• What to produce: When you reach the line containing "First, some starters", begin reproducing the material exactly, stop after the line containing "L'Égo CyKlop miniature, deux", and leave out any pictures along the way.

═════ Data for processing ═════

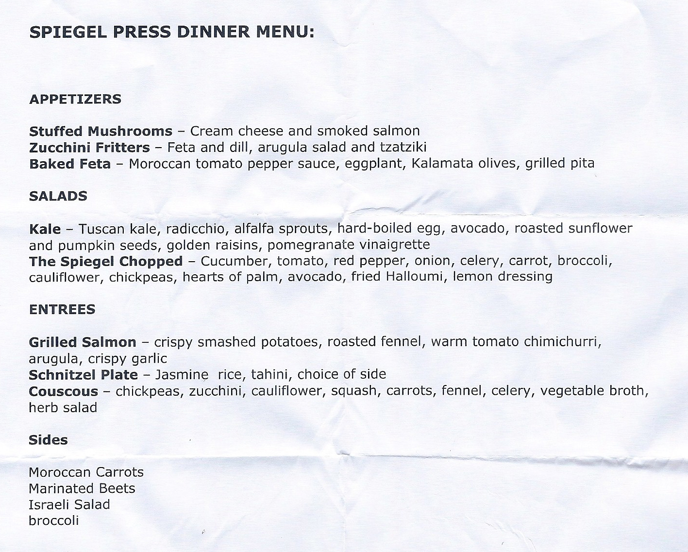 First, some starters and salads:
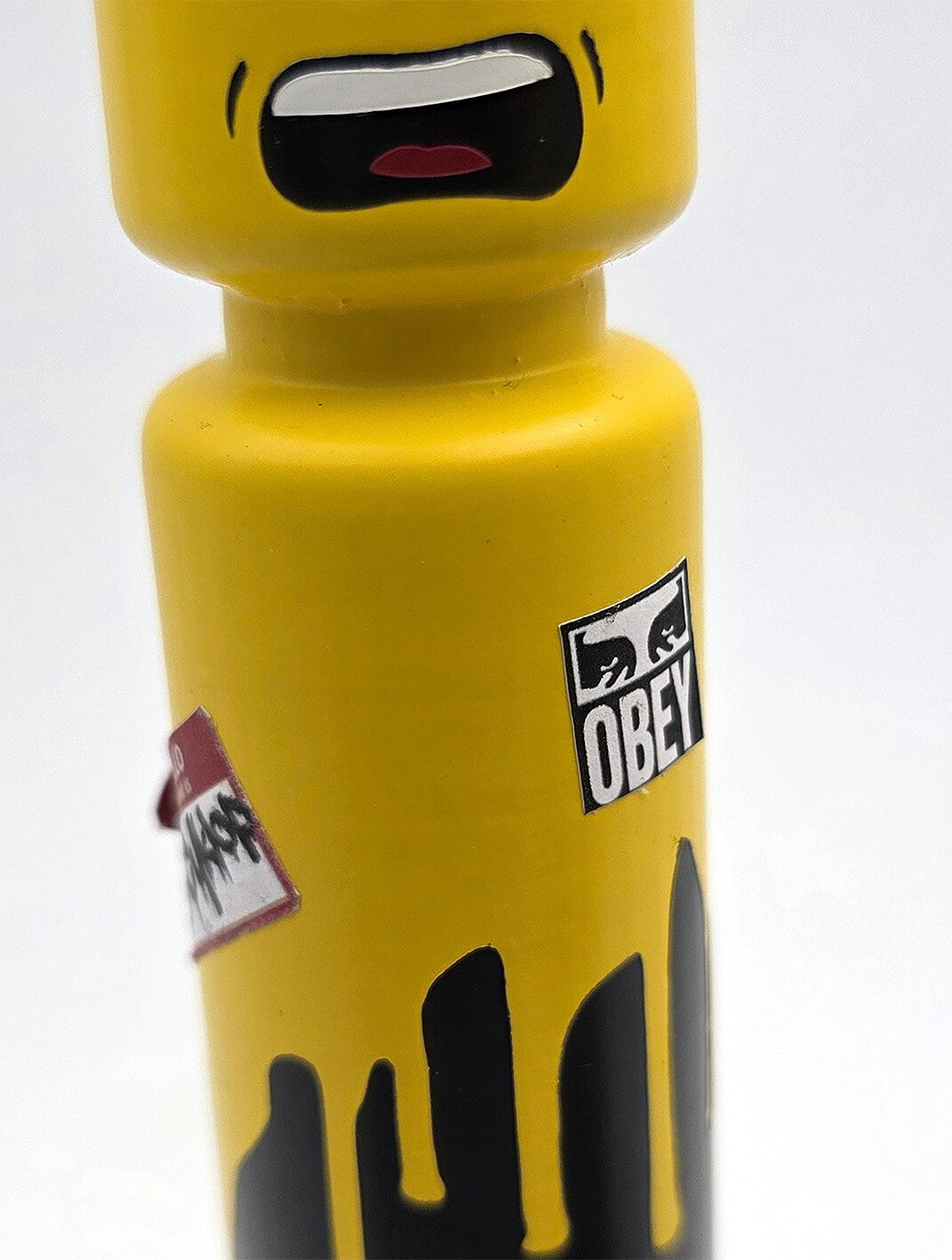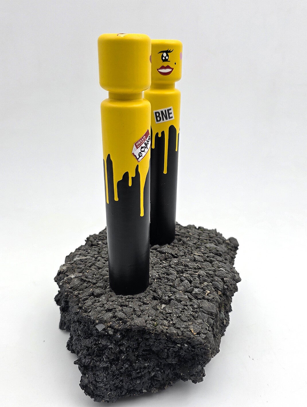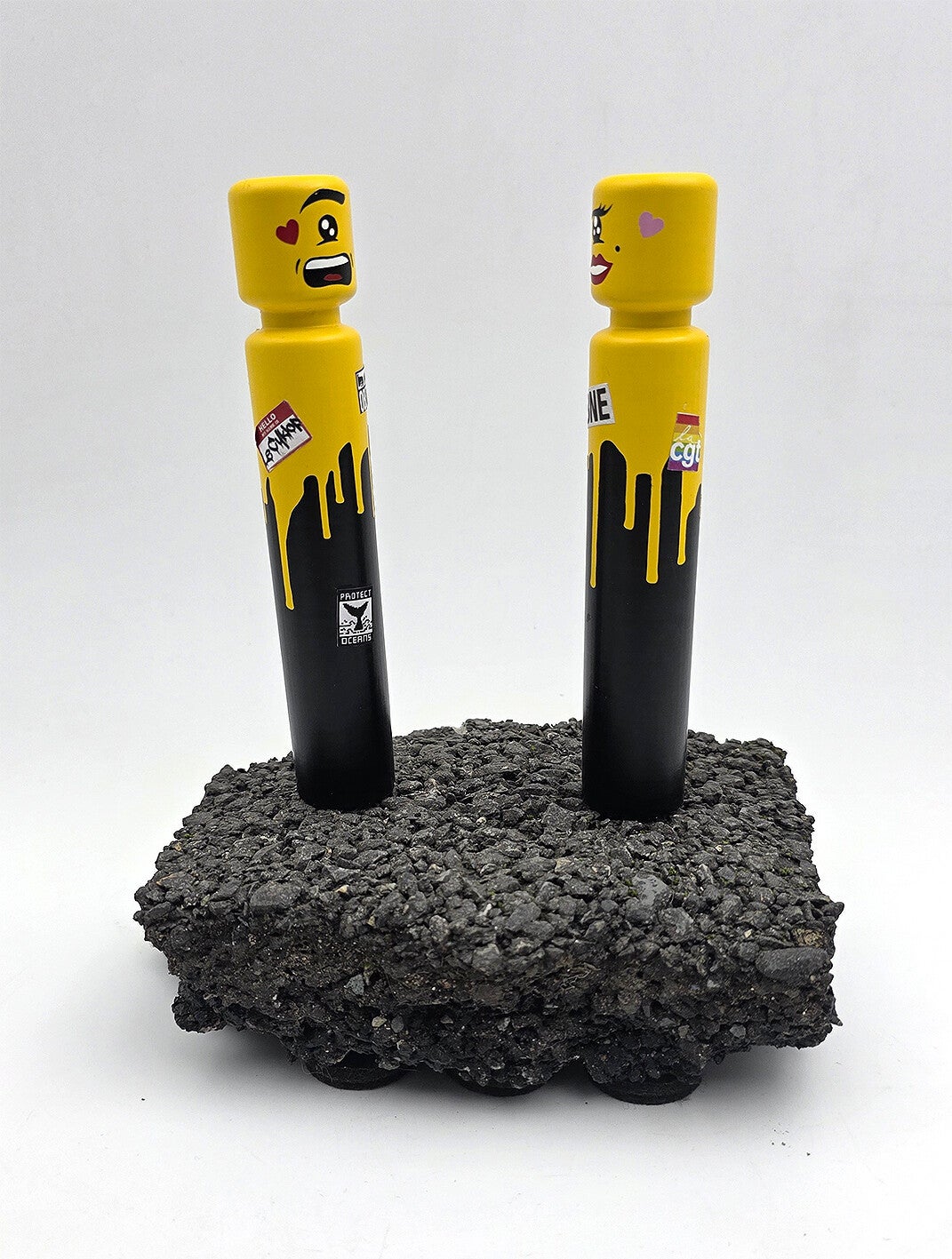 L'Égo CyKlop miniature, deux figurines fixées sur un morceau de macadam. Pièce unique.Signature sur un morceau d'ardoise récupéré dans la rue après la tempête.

═════
═════ Data for processing ═════

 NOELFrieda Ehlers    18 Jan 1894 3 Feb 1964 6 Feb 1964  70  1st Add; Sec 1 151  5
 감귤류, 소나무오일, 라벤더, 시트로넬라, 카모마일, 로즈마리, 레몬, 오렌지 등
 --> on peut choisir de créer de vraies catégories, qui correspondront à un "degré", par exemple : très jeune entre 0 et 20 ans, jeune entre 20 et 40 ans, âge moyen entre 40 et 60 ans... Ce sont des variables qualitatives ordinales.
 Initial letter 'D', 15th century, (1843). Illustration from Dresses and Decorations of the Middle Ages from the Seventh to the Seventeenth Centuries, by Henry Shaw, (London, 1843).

═════

• Completed exercise:
 First, some starters and salads:
 L'Égo CyKlop miniature, deux figurines fixées sur un morceau de macadam. Pièce unique.Signature sur un morceau d'ardoise récupéré dans la rue après la tempête.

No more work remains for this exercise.